With care. Apiksaban has to be applied with care when performing spinal, epidural anesthesia or punctures (see the section "Special Instructions"), and also at the patients receiving system therapy by powerful inhibitors of an isoenzyme CYP3A4 and R-glycoprotein, such as azolovy antifungal means (in particular кетоконазол, итраконазол, вориконазол and позаконазол), HIV protease inhibitors (for example, ритонавир). Also, it is necessary to be careful at use of an apiksaban with powerful inductors of an isoenzyme CYP3A4 and R-glycoprotein (in particular, rifampicin, Phenytoinum, carbamazepine, phenobarbital or drugs of the St. John's Wort which is made a hole).

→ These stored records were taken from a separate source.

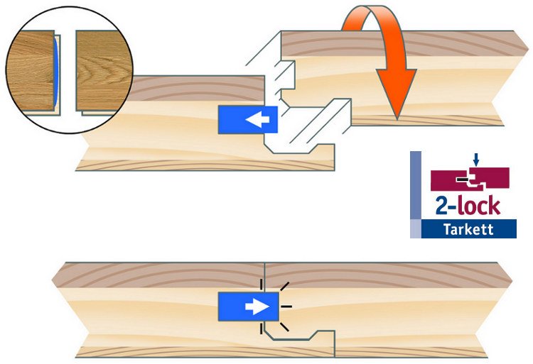 La société européenne Tarkett a mis au point et introduit un système de verrouillage pour la production de panneaux de sol stratifiés. T-lock. Il vous permet non seulement de connecter rapidement et facilement les lamelles, mais également de créer un joint presque invisible et fiable. Grâce à un tel système de verrouillage, il est possible de supporter l'installation du stratifié même sans consulter des spécialistes.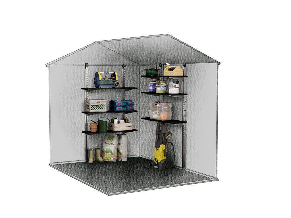 Už vás nebaví, že se vám všechny věci uschované v domku Keter válí na hromadě na podlaze? Pořiďte si praktický regál Keter Shelving Kit 100. Pozinkované ocelové kolejnice namontujete na stěnu domku. Výšku si nastavíte v rozmezí od 169 do 181 cm podle vlastních potřeb.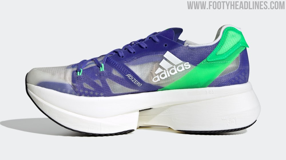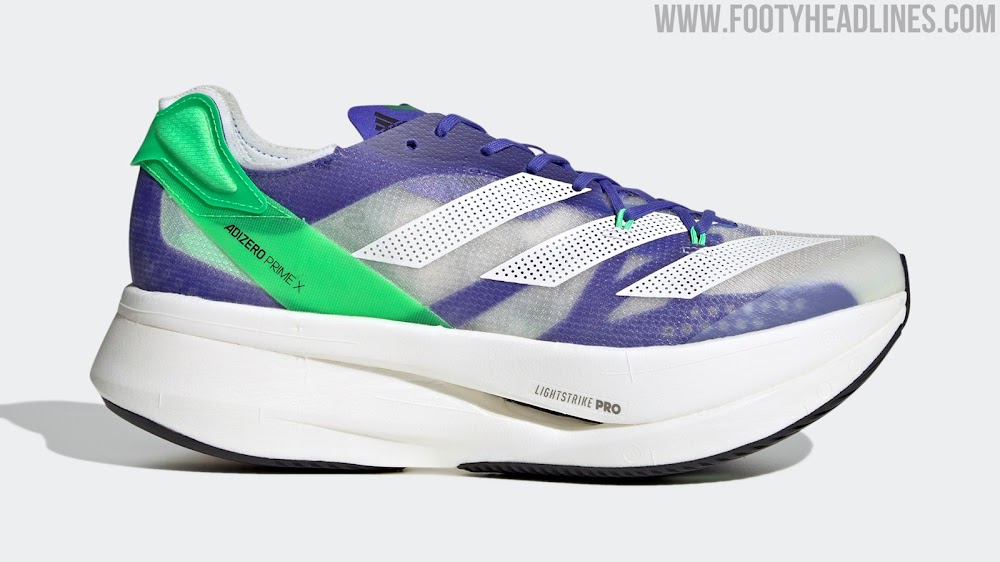 Die neuen Adidas Speedflow+ Adizero X Fußballschuhe kombinieren Weiß mit Dunkelblau und Grün in einem teilweise durchsichtigen Look, der an die Adizero Prime X Laufschuhe von Adidas erinnert.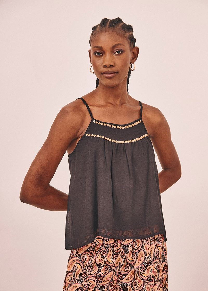 Top corto hasta la cadera de tirantes. Escote en barco con detalles bordados en el escote.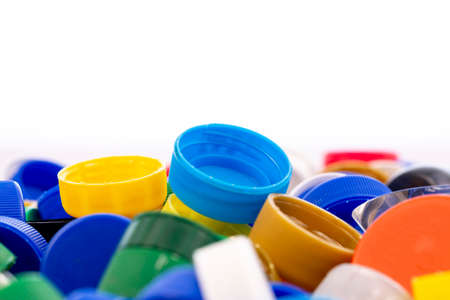 Colorful plastic bottle caps. Studio shot. Plastic waste. Isolated on a white background.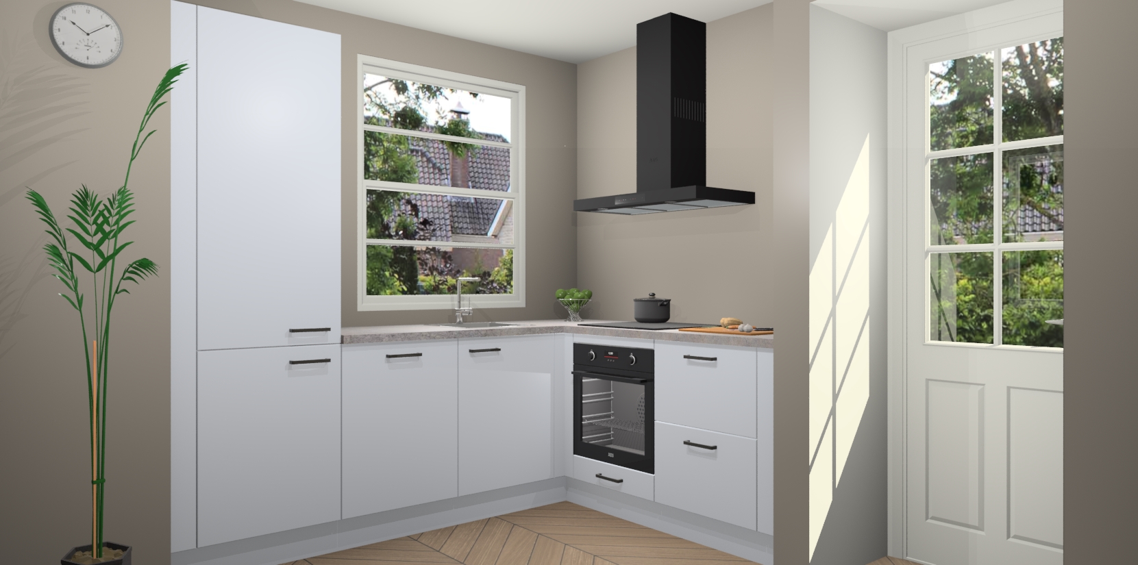 Wilt u een echte aanwinst voor uw keuken, maar bent u op zoek naar iets specialers dan de standaardkeukens? Kies dan voor de Sneeuwwitte keuken Harbin! Dit prachtige hoekkeukenontwerp geeft u alle ruimte om optimaal te genieten van heerlijk koken. Het uitmuntende afwerkingsniveau, de fraaie houtstructuur en de sfeervolle zwarte grepen maken van de Sneeuwwitte keuken Harbin de perfecte keuze voor zowel enthousiaste thuiskoks als design-minded interieurliefhebbers.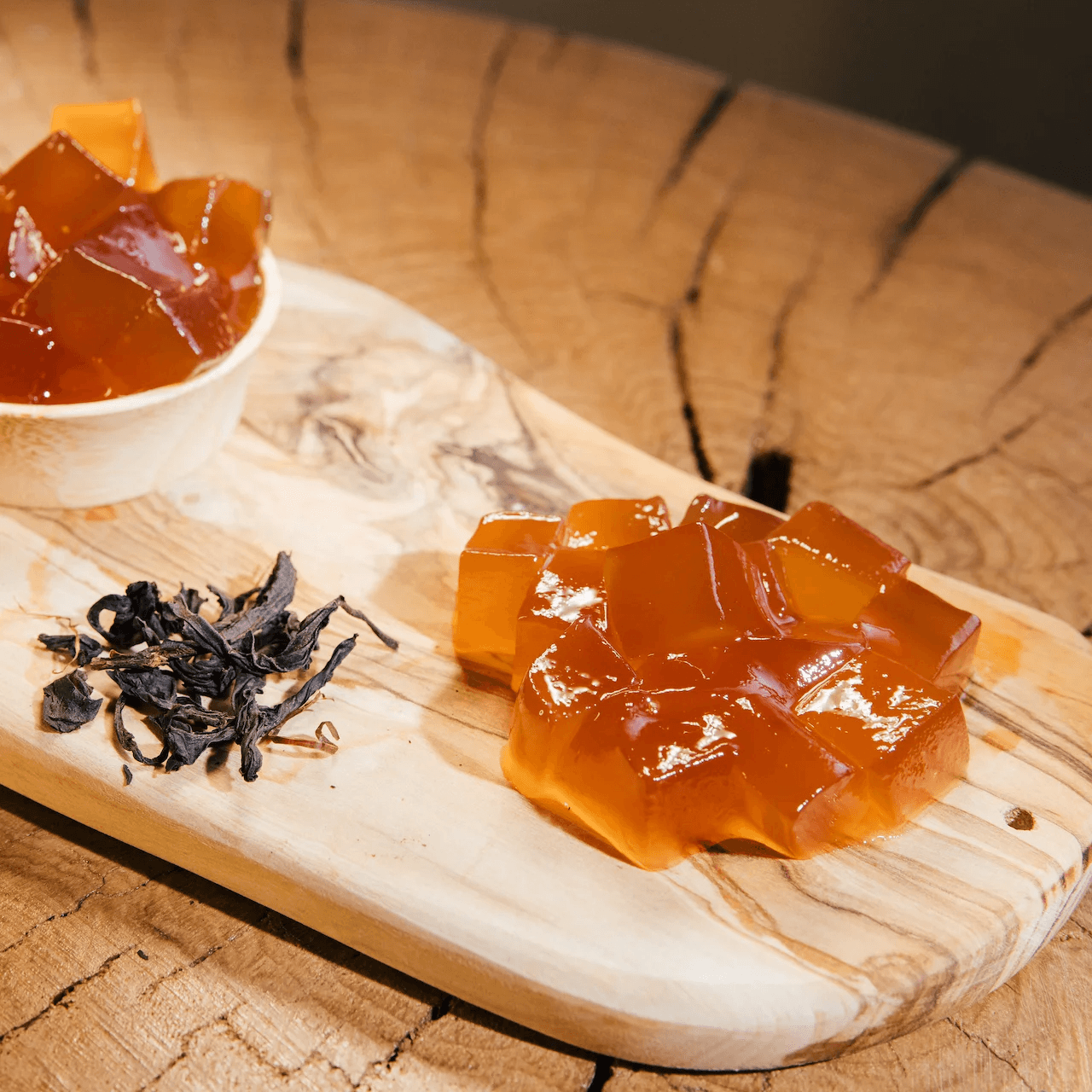Black Tea Tapiochi (Tapioca Mochi), Brown Sugar Tapiochi (Tapioca Mochi), Osmanthus Jelly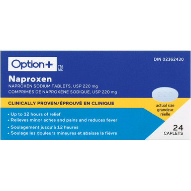 Warnings: Allergy alert: Stop use and get medical help right away if you have: hives, swelling of eyes and mouth, wheezing, shock, skin reddening, blisters, rash Stomach bleeding warning: This may cause stomach bleeding. Symptoms may include: feeling faint, vomiting blood, bloody or black stools. The chance of stomach bleeding is higher if you: are age 60 or older, have had stomach ulcers or bleeding problems, take a blood thinning (anticoagulant) or steroid drug, take with other drugs containing an NSAID like acetylsalicylic acid (ASA), ibuprofen, naproxen, or prescription anti-inflammatory drugs, have 3 or more alcoholic drinks every day while using this product. Do not use if you are: allergic to naproxen, naproxen sodium, ASA, salicylates, NSAIDs, taking ASA for preventive therapy, in your third trimester of pregnancy. If you have: ulcers or stomach bleeding, history or recurrent ulceration, inflammatory bowel disease, liver or kidney disease, right before or after heart surgery Ask a doctor or pharmacist before use if you have: asthma or diabetes, high blood pressure or heart disease, any other serious condition, take any other drug, are trying to conceive, in your first or second trimester of pregnancy or breastfeeding. When using this product: The risk of heart attack or stroke may increase if you use more than directed or for longer than directed. Stop use and ask a doctor if: pain lats more than 5 days, fever lasts more than 3 days symptoms get worse or new ones appear. Keep out of reach of children. This package contains enough medication to seriously harm a child. In case of overdose, call a poison control centre or get medical help right away

Risk of development of bleedings. Drug is recommended to be used with care at the states which are characterized by the increased risk of bleedings: the inborn or acquired disturbances of coagulability of blood; aggravations of a peptic ulcer of digestive tract; bacterial endocarditis; thrombocytopenia; trombotsitopatiya; a hemorrhagic stroke, in the anamnesis; recently postponed operative measure on a head or spinal cord, and also on organs of sight; at heavy uncontrollable arterial hypertension (see the section "Special Instructions").

Besides, it is necessary to be careful at simultaneous use of an apiksaban with non-steroidal anti-inflammatory drugs (NPVP), (including, with acetylsalicylic acid) because these drugs increase risk of development of bleedings.

The operative measures tied with perepomy hip necks. Within clinical trials of Elikvis® it was not used at the patients who transferred urgent operative measures concerning a hip neck fracture therefore its efficiency and safety at this category of patients was not studied.

Overdose:

The antidote is not known. At overdose the risk of bleedings increases. Within controlled clinical trials апиксабан was accepted пероралыю by healthy volunteers in doses to 50 mg/days within from 3 to 7 days (25 mg, 2 times a day, within 7 days or 50 mg, 1 time a day, within 3 days) that is 10 times higher than the maximum recommended dose for the person; clinically significant undesirable effects at the same time were not noted.

In case of overdose of this drug it is possible to consider a question of use of absorbent carbon.

Storage conditions:

To store at a temperature not above 30 °C. To store in the place, unavailable to children! A period of validity - 3 years. Not to use upon termination of a period of validity.

Issue conditions:

According to the recipe

Packaging:

Tablets are film coated, 2,5 mg. On 10 tablets in the blister from film PVH/PVDH. On 1,2 or 6 blisters together with the application instruction in a cardboard pack. On 10 tablets in the perforated blister from film PVH/PVDH. On 6 or 10 blisters together with the application instruction in a cardboard pack.